Friday, 3 July 2015

The Buried Giant by Kazuo Ishiguro

Rating: 2 stars out of 5

Kazuo Ishiguro is well known for his previous novels, The Remains of the Day and Never Let Me Go. After a decade of silence, there is a lot of excitement over his latest book The Buried Giant. The Buried Giant tells the tale of Axl and Beatrice, an elderly married couple living in Old England during King Arthur’s rule. They are trying to find their long-lost son but a “mist” of forgetfulness has spread through the land meaning they struggle to remember where he has gone and even what he looks like.

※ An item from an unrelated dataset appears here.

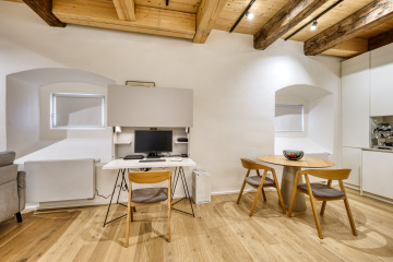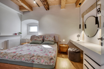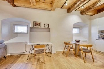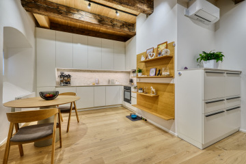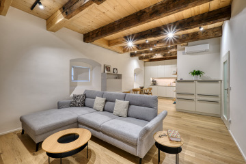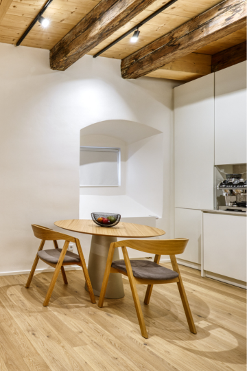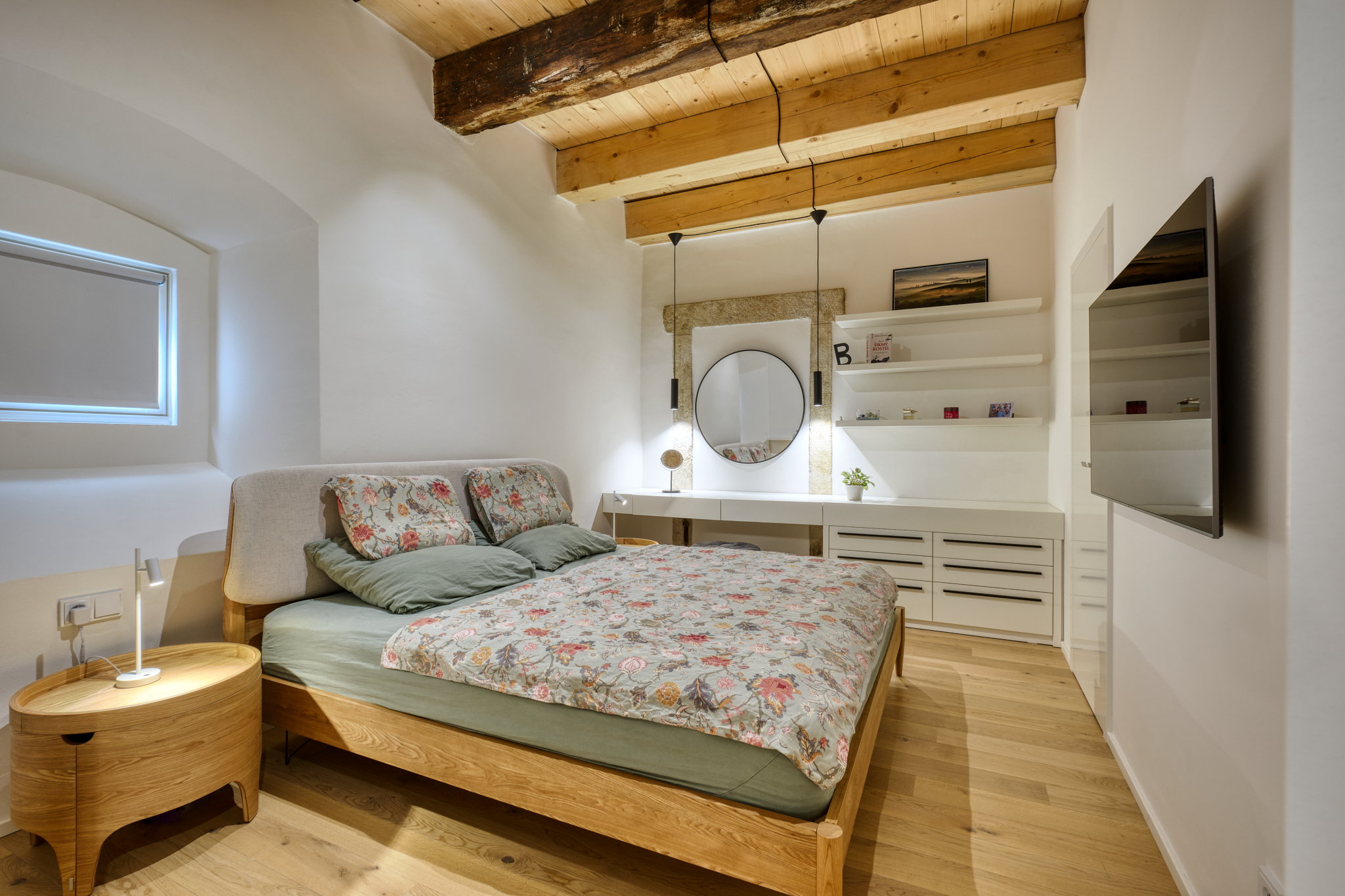 Tato realizace patří právě k nim. Citlivě propojuje současný design s charakterem původní architektury a dává vyniknout autentickým prvkům, které prostoru propůjčují jedinečný výraz. Přiznané trámy, kamenné detaily a menší okenní otvory se zde staly přirozenou součástí kompozice, se kterou moderní interiér pracuje s respektem a lehkostí.

The main themes to this novel obviously concern memory. In the backdrop to the novel is the fact that Old England is recovering from a brutal war between the Saxons and the Britons. There is also the question of how marital love is to be sustained; can we still love someone whilst remembering that shared past?  Ishiguro’s recurring and underlying question is whether it is better to forget and under what conditions can we have a peaceful self and society.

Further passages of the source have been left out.